Lithuania introduces the euro: Confidence vote for the currency

Lithuania introduces the euro: Confidence vote for the currency

Lithuania adopted the euro on January 1, 2015, as the 19th country to do so. The euro is also used as legal tender by some small non-member countries like Montenegro, while others, such as some in West and Central Africa, have pegged their currencies legally to the euro, writes Prince Michael of Liechtenstein.

Opinions on the principle of the euro are divided. Germany’s Chancellor Angela Merkel once said that the end of the euro would be the end of the European Union. On the other side, the euro is given as the main reason for southern European economies being uncompetitive and, therefore, responsible for the fiscal problems in these countries. The argument is that if weak countries had their own currencies they could devalue and be more competitive.

In some northern European countries anti-euro and anti-European Central Bank perceptions exist. Expansionary monetary policy, especially buying the sovereign bonds of weak member countries, is considered negative. This argument has some justification as the ECB becomes involved in fiscal politics, directly supporting countries in distress.

This is not the ECB's mission. Its role is to set monetary policies, independent of politics, in order to guarantee the euro’s stability.

It is widely believed in Europe and the US, although not supported by facts, that a harmonised economic policy is necessary to get one currency to work. This lack of common economic policy is advanced as the euro’s problem.

Looking behind the emotion and pre-suppositions, the euro itself is not the problem. But problems are manifold:

- Lack of respect for the criteria for reasons of political expediency: The EU’s two largest members - Germany and France - broke the criteria of a maximum deficit of 3.5 per cent of GDP a year after the euro was introduced. This set a lethal example to others. When Greece joined the eurozone all principles were ignored.

- Irresponsible overspending by member countries: Excessive sovereign debt is not caused by the euro but by populist politics. Political parties in different countries are basically buying votes through favours to the public. The problem was easy finance as public debt from eurozone countries had top investment-grade ratings, against all economic logic.
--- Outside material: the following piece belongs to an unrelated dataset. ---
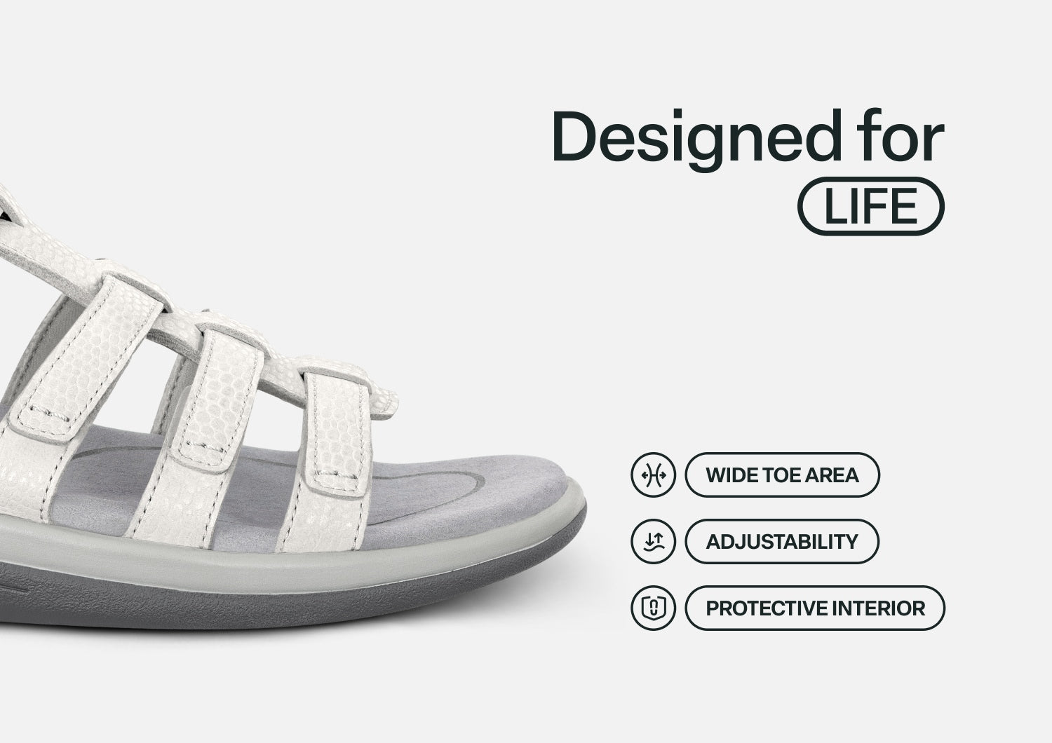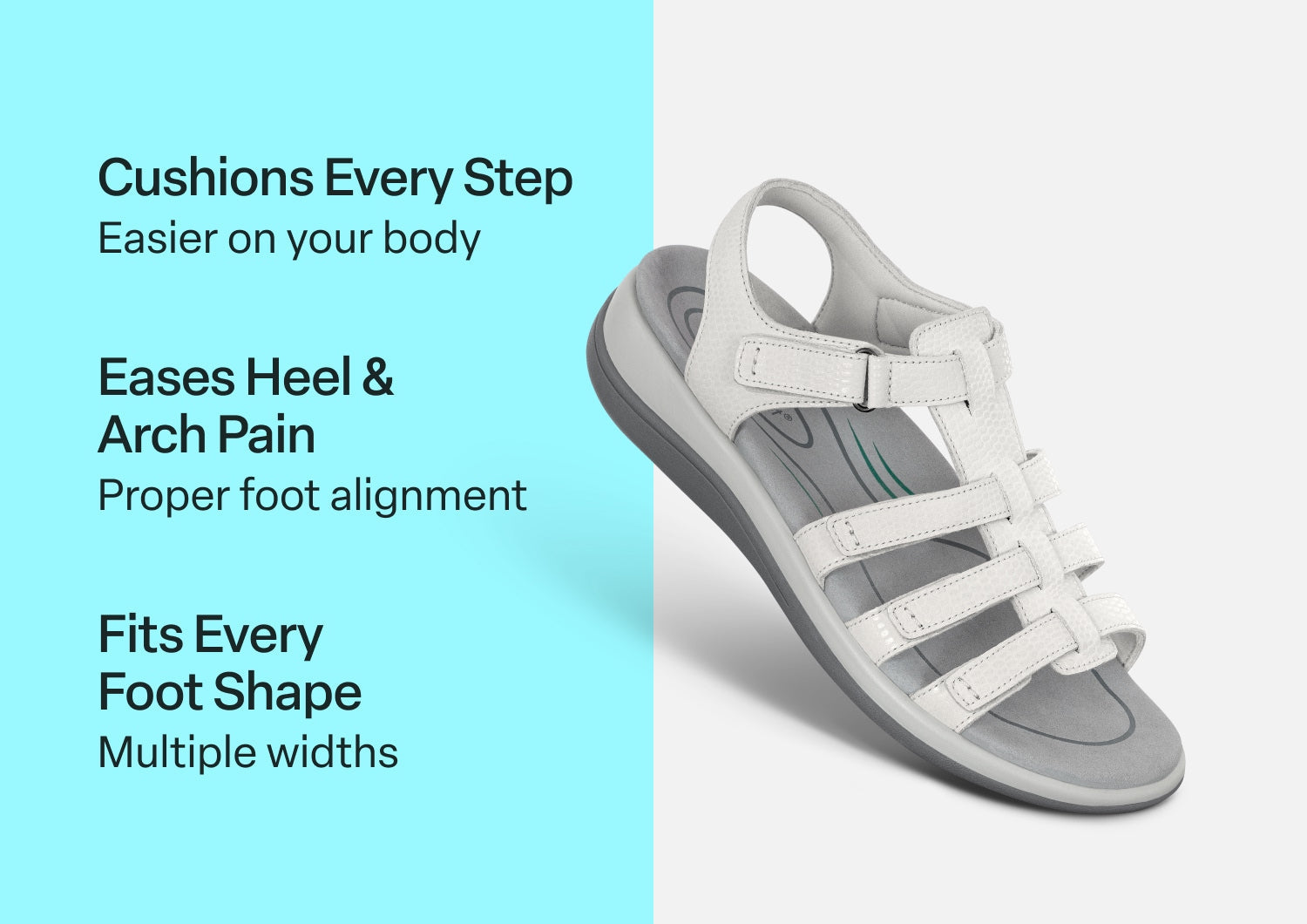 Feel invincible in our surefooted gladiator sandal and enjoy bioengineered walking comfort wherever you roam. Adjust the five padded leather straps for a fully custom fit that places the center strap comfortably atop your foot. Our ingenious inset strap can be adjusted and opened from both sides, so getting into these easy, even when bending over is difficult.

- The density of the European regulatory framework, exacerbated by national regulations, caused problems for southern European businesses adapting to a competitive level in an open market. Currency devaluation is only a short-term remedy. It would have been better to give them more time to adapt with fewer regulations. The regulatory framework also gave existing large businesses a huge competitive advantage.

- As construction boomed, thanks to low interest rates and EU grants, large parts of the economy were readjusted to construction, especially in Greece and Spain. Disaster was imminent once the boom ended. Low euro interest rates helped create debt and a property bubble.

We can still consider the euro a positive achievement even with all its weaknesses. The looming danger is that the ECB could become increasingly politically expedient, buying more sovereign debt and therefore supporting irresponsible politics.

A return to respecting the criteria is essential.

Not every country has to remain in the eurozone if it is unable or unwilling to meet the targets. The departure of Greece, for example, should be possible without causing a European disaster.

Lithuania had pegged its currency, the lita, to the euro since 2002 for reasons of trade policy and to avoid strong fluctuations on its small currency. Lithuania, a small country, did its homework like other Baltic countries. Finally joining the eurozone officially is a positive sign of confidence - in both the euro and Lithuania’s economy.